When the GOP thinks about attracting unmarried women in the future, it should remember that this group is growing extremely fast. And the reason it is growing so fast is because so many young women are rejecting marriage. A pastor I know in a large California parish told me he has not seen one case, in 8 years, of a young couple coming to the church and saying, "We're in love and we want to get married." It's all half-brothers and shacking up and serial live-ins and ruined children. The GOP will never be able to match the democrats when it comes to freebies for unmarried women, or for anyone else. And our efforts to emphasize "traditional family values" (another sincere effort, now translated as hate speech by most of America) have utterly failed.
When the young woman asked the candidates what they would do to correct the fact that women are paid 72 cents on the dollar of what men make, both candidates accepted her premise. Both knew it was a lie, one of those statistical "facts" that drive sane people crazy. But both knew they were in a promising contest, and no liberal is ever going to lose a promising contest with anyone. And so I wish the GOP luck bringing these voters into our fold.

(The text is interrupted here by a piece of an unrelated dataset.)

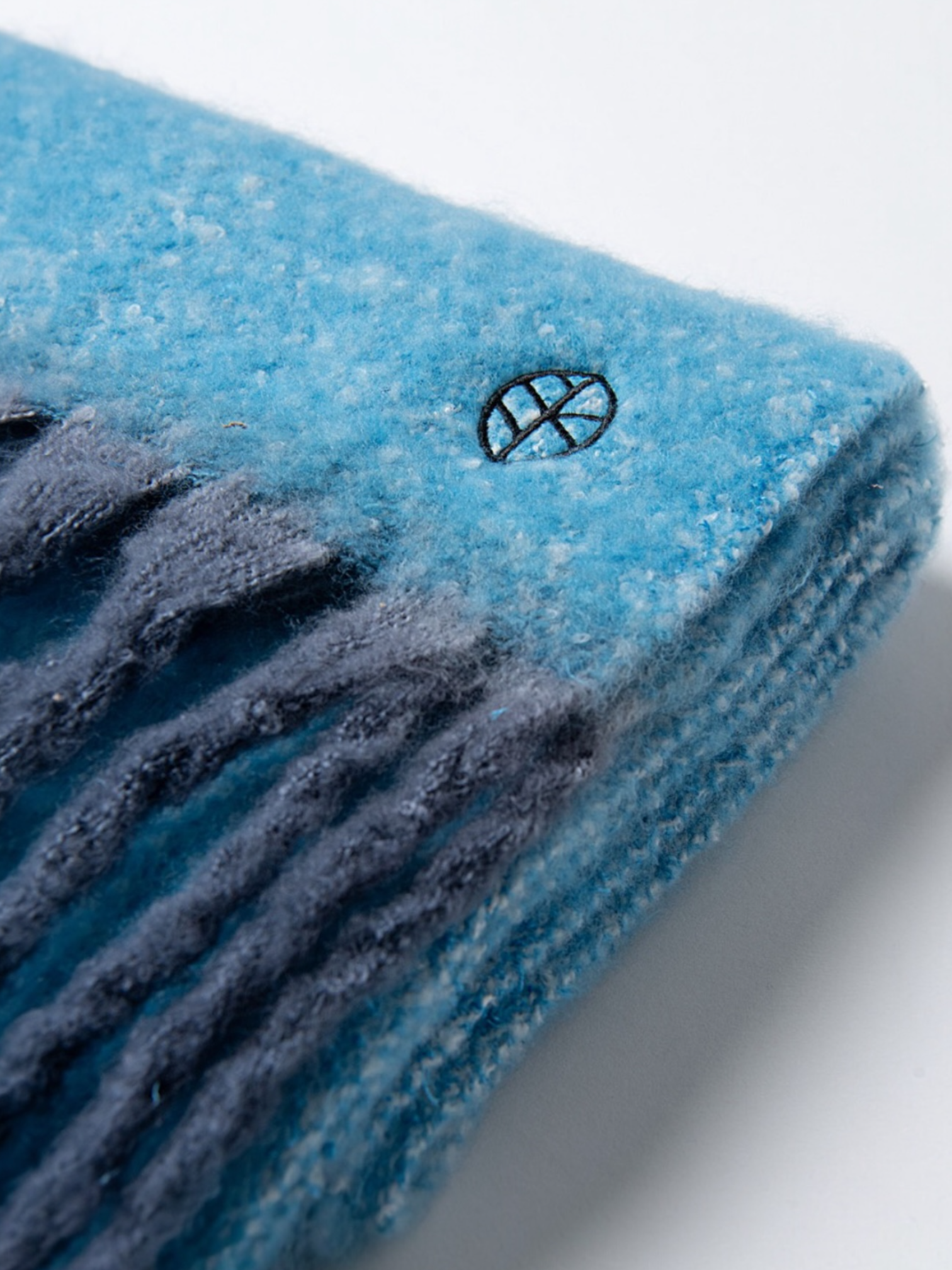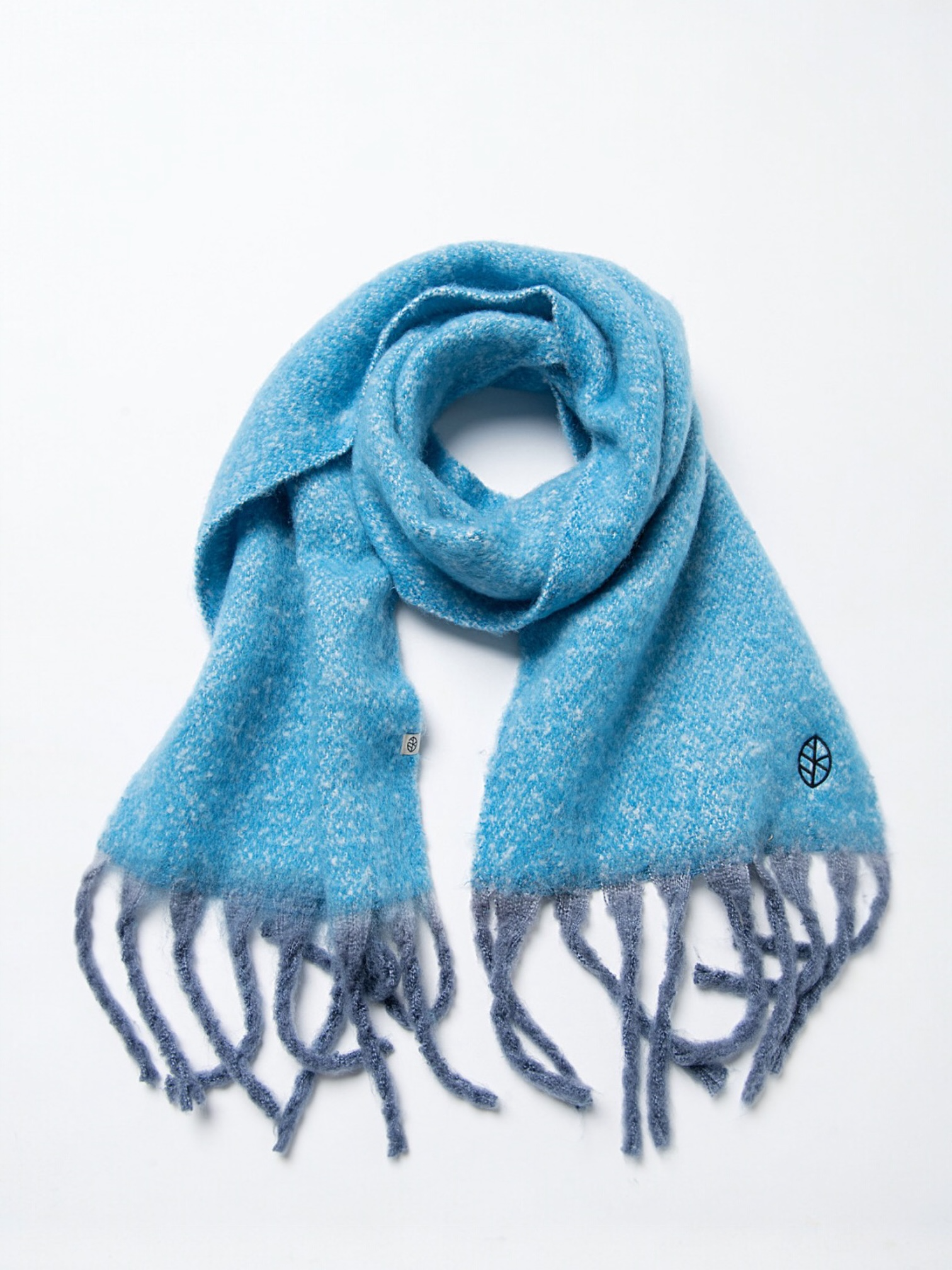 BUFANDA PLANA Y MULLIDA CON FLECOS AZUL

The American people heard about the HHS mandate and yawned. They know nothing about the (again, hear the quaintness) phrase, "religious liberty," but they know everything about Dancing with the Stars. The once-mighty coalitions of Catholics, evangelicals, Mormons, and mainline Protestant churches made tiny sounds, inaudible really, like mice with asthma. Soon gay marriage will be guaranteed by US law, and Catholic churches who do not agree to preside over ceremonies where men marry men will be closed. The church is going to pay a price, then, for their timidity in fighting religious oppression in 2012. I wish my fellow conservatives all the luck in the world on this matter as well.
Conservatives, properly, worry about the high percentage of Americans that pay no income taxes. I wish them luck in attracting voters from the millions of citizens who pay no income taxes today, by making the argument they really should pay something. I would also encourage them to look at the numbers of people paying no taxes overall, but also by ethnic group. They are going to find out the people who voted against them in the highest concentrations Tuesday, have the highest rates of paying no income tax, and also the highest rates of government subsidy. Educate this group, my fellow Reaganites, on voting Republican, because they will show you the virtue of adding you to the rolls of taxpayers, and removing you from the roles of subsidy. Good luck on this quest my friends.
We are entering a period of steep national decline. The incredible virtues that made America what it was are fading away and can never be recovered. Virtually every conservative hero since the Revolution has warned this day would come if we continued doing bad things, but strangely, now that it is here, even National Review cannot recognize it.